--- Collected material Enclosed Below ---

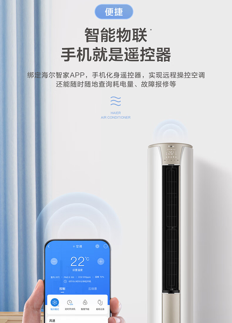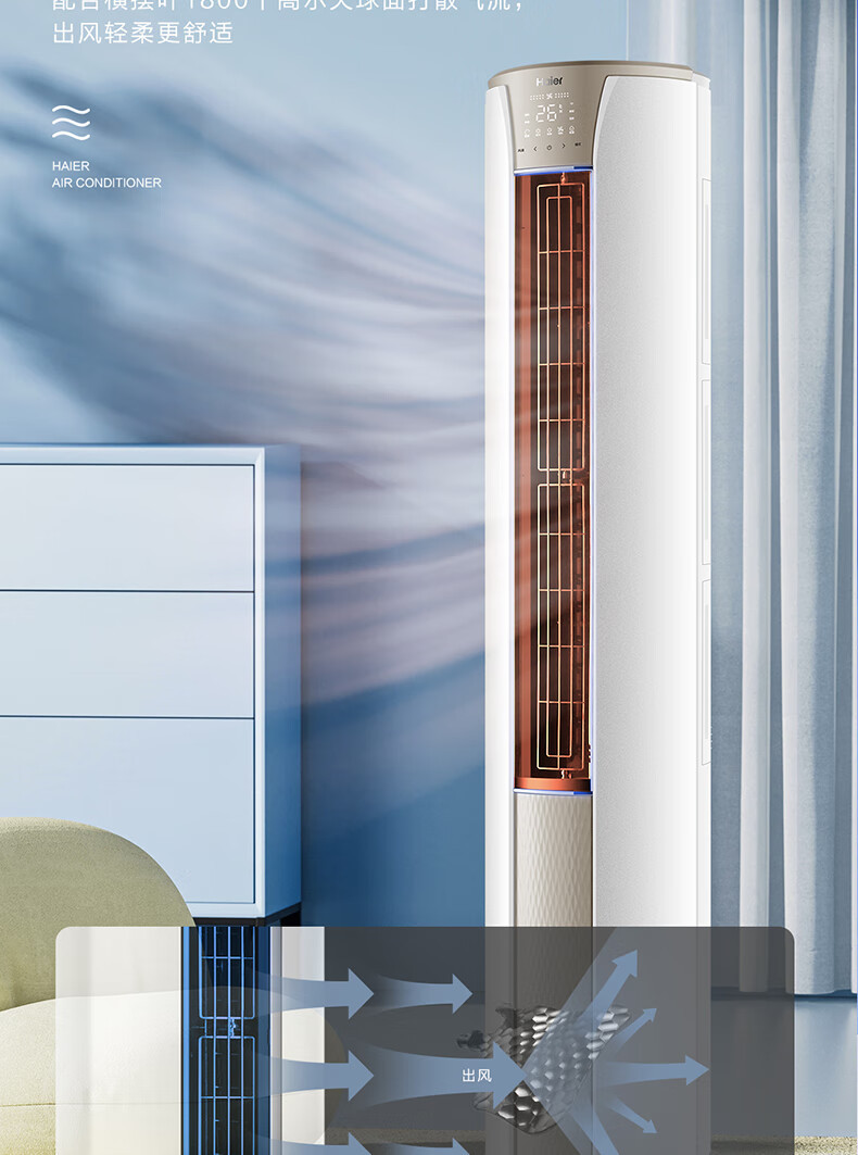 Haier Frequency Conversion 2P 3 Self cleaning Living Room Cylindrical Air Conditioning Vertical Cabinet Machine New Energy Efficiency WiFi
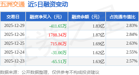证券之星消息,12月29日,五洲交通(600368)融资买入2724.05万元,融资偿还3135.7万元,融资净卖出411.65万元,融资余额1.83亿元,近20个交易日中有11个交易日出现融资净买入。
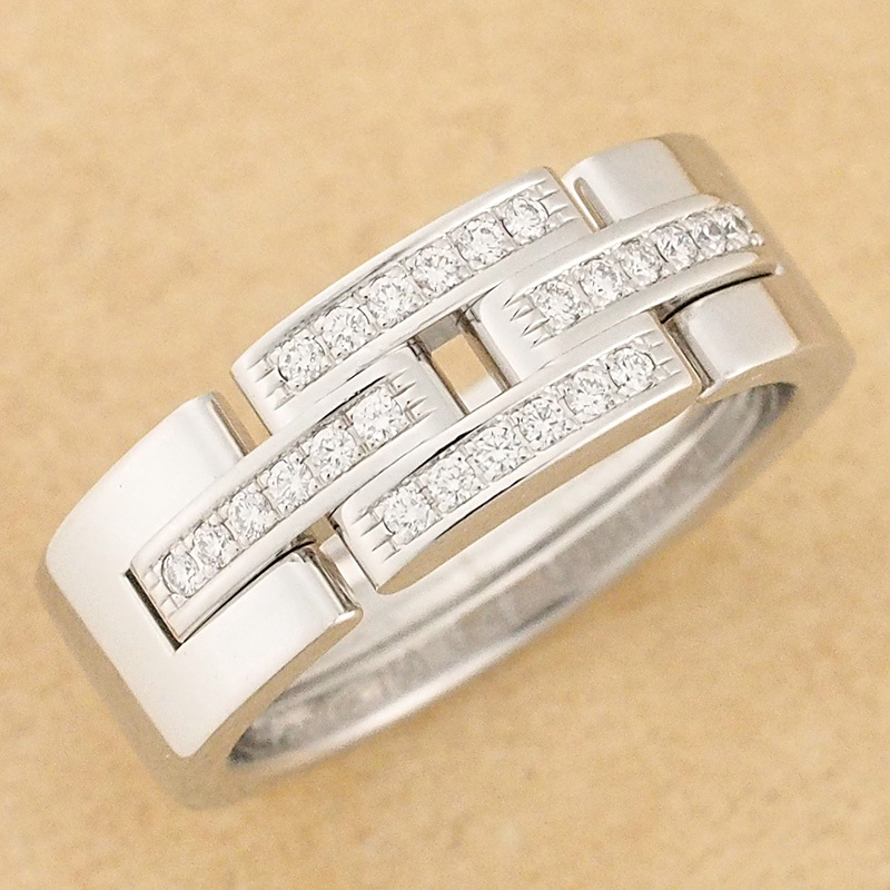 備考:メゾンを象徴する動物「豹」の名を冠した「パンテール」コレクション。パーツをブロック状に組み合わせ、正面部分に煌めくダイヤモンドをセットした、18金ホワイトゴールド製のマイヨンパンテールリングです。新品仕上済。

--- End of Enclosed Collected material ---

Activity =
Going from the line holding "证券之星消息,12月29日,五洲交通(6" to the last line of the data above, reproduce every line exactly, both included, with the pictures omitted.

Answer for the task =
证券之星消息,12月29日,五洲交通(600368)融资买入2724.05万元,融资偿还3135.7万元,融资净卖出411.65万元,融资余额1.83亿元,近20个交易日中有11个交易日出现融资净买入。
 備考:メゾンを象徴する動物「豹」の名を冠した「パンテール」コレクション。パーツをブロック状に組み合わせ、正面部分に煌めくダイヤモンドをセットした、18金ホワイトゴールド製のマイヨンパンテールリングです。新品仕上済。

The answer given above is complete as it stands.